In June this year, the China National Petroleum Corporation (CNPC) announced that the Burmese section of a $5 billion China-Myanmar gas pipeline had been completed and was ready for testing, while an oil pipeline was 94% complete and on-schedule.
China’s decision-makers see the new routes as a solution to the ‘Malacca problem’, where China’s energy supplies are overly reliant on sea lanes passing through the narrow Strait of Malacca.
However, not everything has been going smoothly. The project should have ensured energy security and increased regional influence, but as Chinese companies in Myanmar tend to work only with the government, they lack an understanding of social change and public demands, and fail to predict political trends.
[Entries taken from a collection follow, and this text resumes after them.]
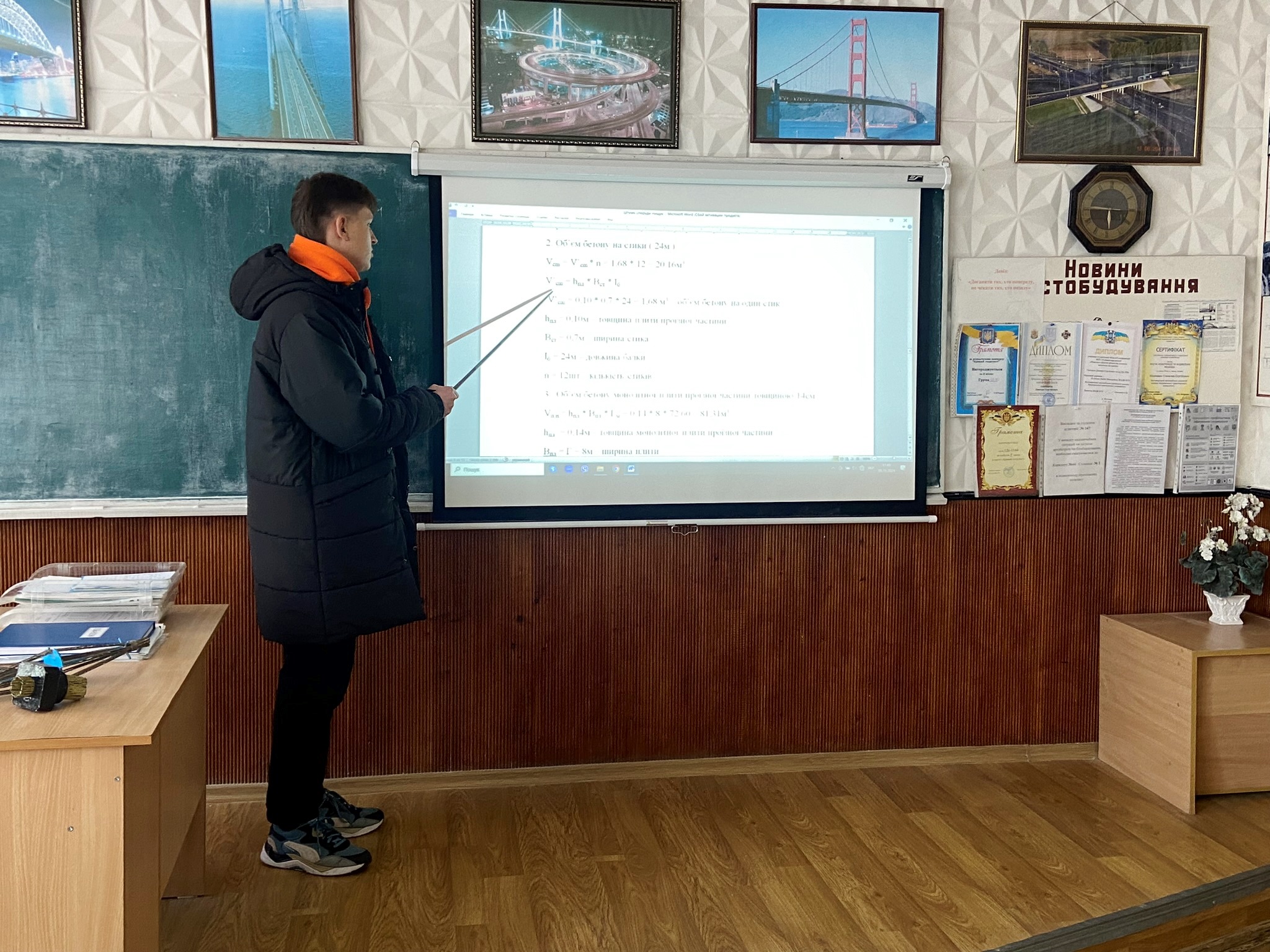 В рамках Тижня спеціальності 192 Будівництво та цивільна інженерія 5 листопада 2024 року відбувся захист практичних робіт групи 4Д-1108 на тему 5.3: “Балочні залізобетонні мости” з освітнього компоненту "Штучні споруди". Також на захід були запрошені студенти групи 3Дс-1130, викладачі комісії та адміністрація коледжу.
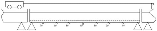 Figure 18 shows the vehicle model on the bridge. The axle spacing of the vehicle is 0.8 m. Two vehicles with different weights are simulated in this study. For the light vehicle, the total weight is 10.60 kN, and the front and rear axle loads are 5.58 kN and 5.02 kN, respectively. For the heavy vehicle, the total weight is 15.06 kN, and the front and rear axle loads are 7.92 kN and 7.14 kN, respectively.
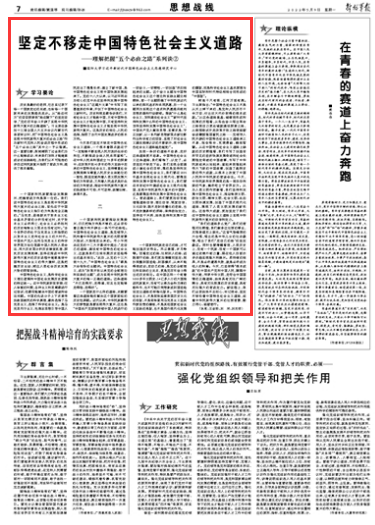 樹高千尺有根,江河萬里有源。習主席指出:“中國特色社會主義不是從天上掉下來的,是黨和人民歷盡千辛萬苦、付出巨大代價取得的根本成就?!睆倪@條道路奠基、鋪砌到形成和拓展的歷程看,從浴血奮斗闖出革命之路到自力更生鋪就建設探索之路,從敢闖敢試開啟改革開放之路到砥礪奮進擘畫強國富民之路……黨領導人民開辟的中國特色社會主義道路來之不易,飽含艱辛、充滿勇毅、凝結智慧。從在中國特色社會主義道路上鑄就的歷史輝煌看,我們書寫了創(chuàng)造世所罕見的經濟快速發(fā)展奇跡和社會長期穩(wěn)定奇跡的中國故事,書寫了中華民族迎來從站起來、富起來到強起來偉大飛躍的中國故事,創(chuàng)造了彪炳史冊的偉大成就,從根本上改變了中國人民和中華民族的前途命運。今天,中華民族向世界展現(xiàn)的是一派欣欣向榮的氣象,巍然屹立于世界東方。從為人類文明作貢獻看,我們堅持和發(fā)展中國特色社會主義,推動物質文明、政治文明、精神文明、社會文明、生態(tài)文明協(xié)調發(fā)展,創(chuàng)造了中國式現(xiàn)代化道路,展現(xiàn)了人類文明發(fā)展的新形態(tài)。這些偉大成就,更加堅定了我們在中國特色社會主義道路上實現(xiàn)中華民族偉大復興的自信和定力。
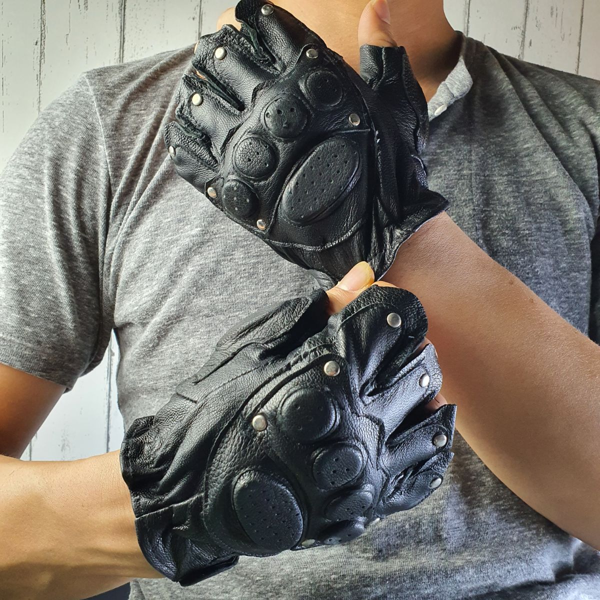 Găng tay hở ngón dành cho người đi moto - xe máy Chất liệu: Vải Airmesh, gù nhựa cứng, da lộn, lòng bàn tay có hạt cao su tăng độ bám Loại găng hở ngón
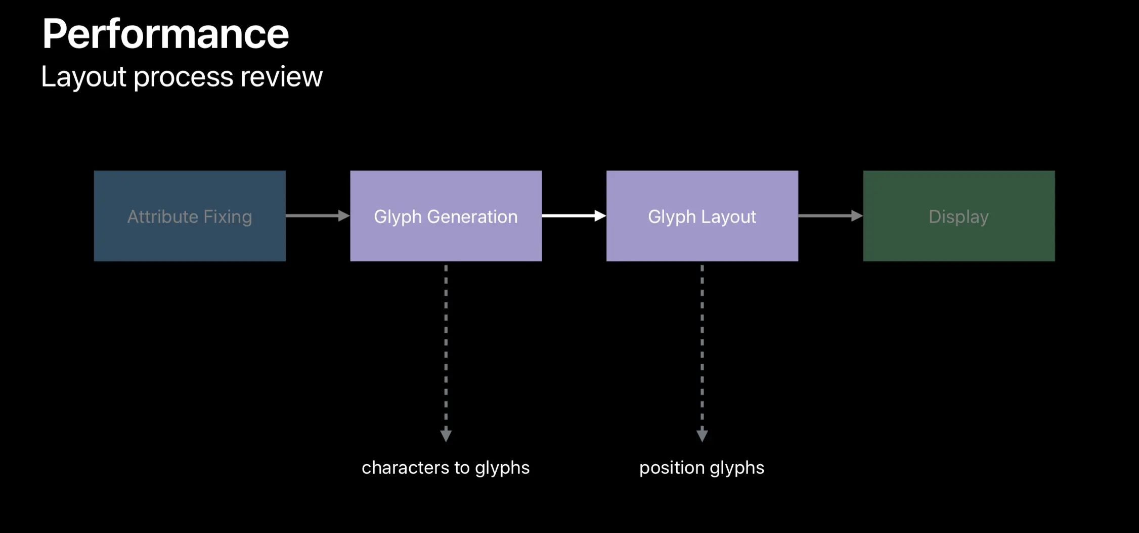 再回到布局过程的图示中来,glyph 布局,就是 NSLayoutManager 在视图上摆放 glyph 的过程。
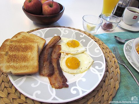 여기서 차림새를 줄이고 차가운 고기류와 빵 중심으로 가면 컨티넨탈 브렉퍼스트, 갖가지 고기 요리와 해쉬 브라운 및 콩 요리가 추가되면 잉글리쉬 브렉퍼스트가 됩니다. 원래 영국식 아침식사가 굉장히 거하게 먹는게 특징이라더군요. 그런데 생각해보면 애프터눈 티 셋트도 요란하기는 마찬가지이니... 그냥 하루 종일 많이 먹는다고 보면 될지도.
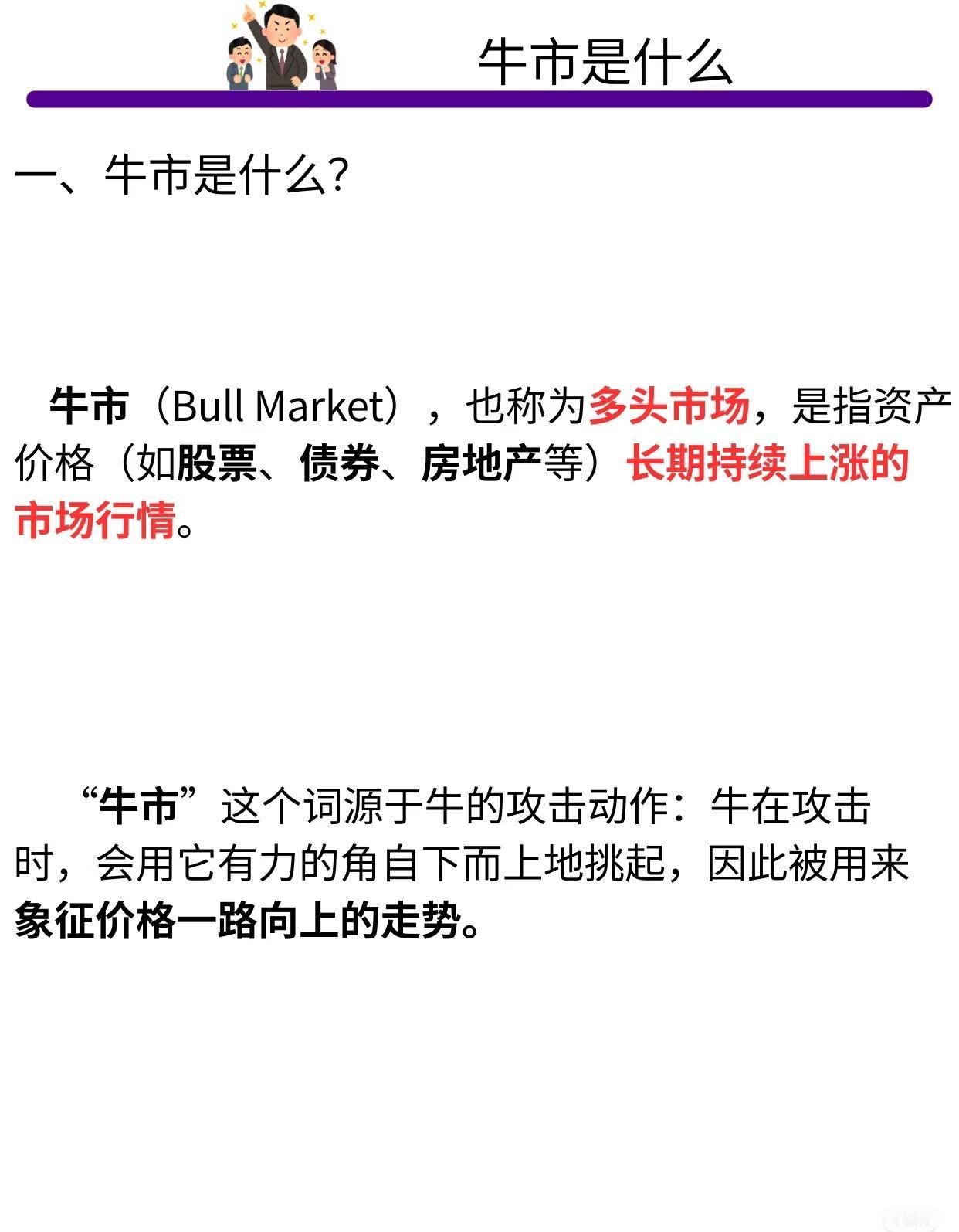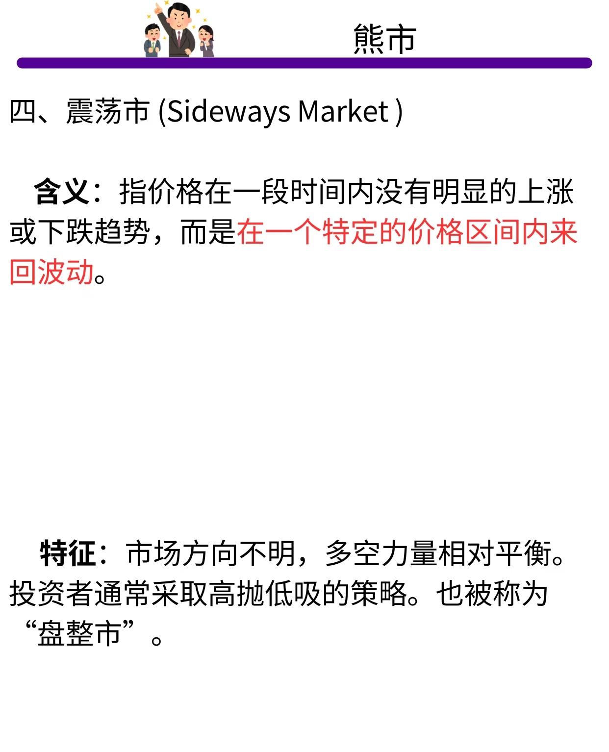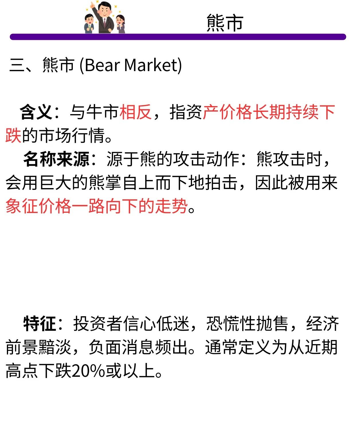 金融市场中常见的几种行情类型及其特征,主要包含以下内容总结: 一、牛市(Bull Market)🐂 定义:资产价格(如股票、债券、房地产等)长期持续上涨的市场行情。 名称来源:源于牛攻击时用角自下而上挑起的动作,象征价格一路向上。 主要特征(图片2): 1. 信心高涨:投资者对未来经济与价格持乐观态度。 2. 交易活跃:市场成交量大,买入意愿强烈。 3. 经济向好:通常伴随经济增长、低失业率、企业盈利上升。 4. 回调轻微:即使有短期下跌,也会迅速反弹并创新高。👉 总结:牛市是“涨多跌少”、投资者普遍盈利、市场情绪积极的阶段。 二、熊市(Bear Market)🐻 定义:与牛市相反,资产价格长期持续下跌的市场行情。 名称来源:源于熊攻击时用熊掌自上而下拍击,象征价格一路向下。 主要特征(图片3): - 投资者信心低迷,恐慌性抛售; - 经济前景黯淡,负面消息频传; - 通常定义为从近期高点下跌 20% 或更多。👉 总结:熊市是“跌多涨少”、市场情绪悲观、投资者普遍亏损的阶段。 三、震荡市(Sideways Market)📊 定义:市场价格在一定区间内上下波动,无明显上涨或下跌趋势。 主要特征(图片4): - 市场方向不明确,多空力量相对均衡; - 投资者常采用“高抛低吸”策略; - 也被称为“盘整市”。👉 总结:震荡市没有明确趋势,适合波段操作。 四、猴市(Monkey Market)🐵 定义:市场走势极不稳定,像猴子一样上蹿下跳,缺乏明确方向。 主要特征(图片5): - 波动剧烈,今日大涨明日可能大跌; - 既非牛市也非熊市,是一种高度波动的中间状态。👉 总结:猴市行情难以预测,风险较高,投资难度大。 五、鹿市(Stag Market)🦌 定义:较为少见,市场趋势不明朗,投资者容易受短期消息影响,频繁调整策略。 主要特征(图片6): - 投资者像“鹿”一样容易受惊,一有风吹草动便迅速改变立场; - 以短线操作、投机为主,缺乏长期信心; - 导致市场波动频繁,但幅度一般不大。👉 总结:鹿市中投资者行为短期化,市场情绪敏感,波动虽频繁但通常不极端。
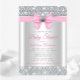 Rosa Silver Glitter Glam Babyflicka Shower Inbjudningar
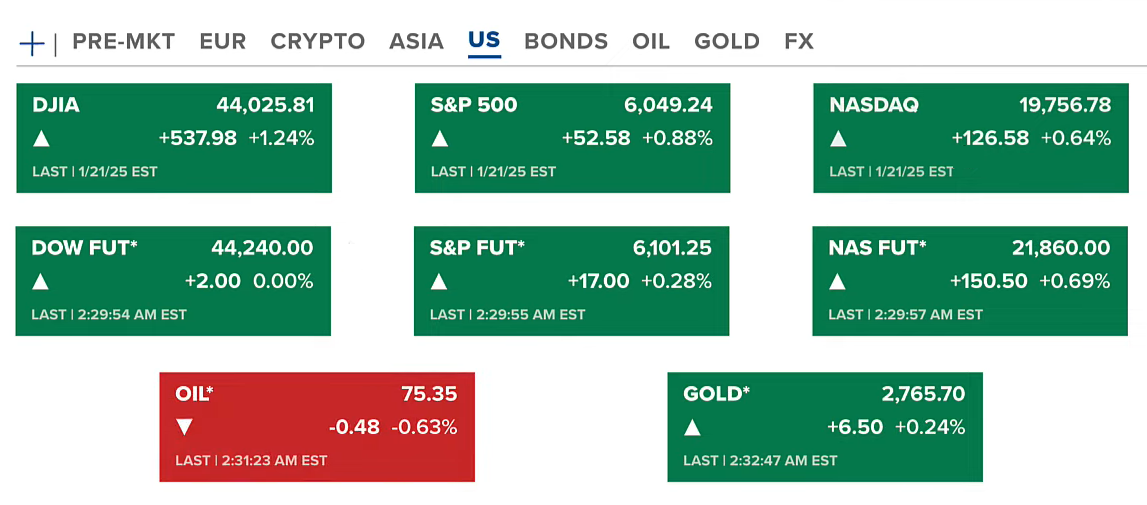 Thị trường đã phục hồi sau khi tổng thống Trump nhậm chức. Chứng khoán Hoa Kỳ thứ ba (21/01) đã tăng ở cả ba chỉ số, với Dow Jones tăng mạnh nhất 1.24%. Hợp đồng tương lai của chứng khoán cũng tăng nhẹ. Hợp đồng vàng tăng lên 2765 USD/ounce. Dầu giảm về 75 USD/thùng.

With Thein Sein’s elected government replacing the military junta and Aung San Suu Kyi freed, China is facing new problems in Myanmar. The change of government has seen repeated setbacks at two of its major projects, the Myitsone dam and the Letpadaung copper mine. The other major project is the oil and gas pipelines, strongly opposed by locals and NGOs since the start, but which were built with the support of the old junta.
The Malacca problem
About four fifths of China’s imported energy comes through the Strait of Malacca, where piracy is rife and the politics complex. Chinese leaders wanted a pipeline through Myanmar to safeguard their fuel supplies. As Chinese military and energy strategy expert Wang Haiyun points out: “The US has military forces stationed on all the world’s major shipping routes – if something was to happen it could easily control China’s energy supply.” Other military experts have gone so far as to speculate that anti-China forces could at a critical moment camouflage themselves as pirates and attack Chinese oil tankers – greatly forcing up the cost of insurance and delaying shipments.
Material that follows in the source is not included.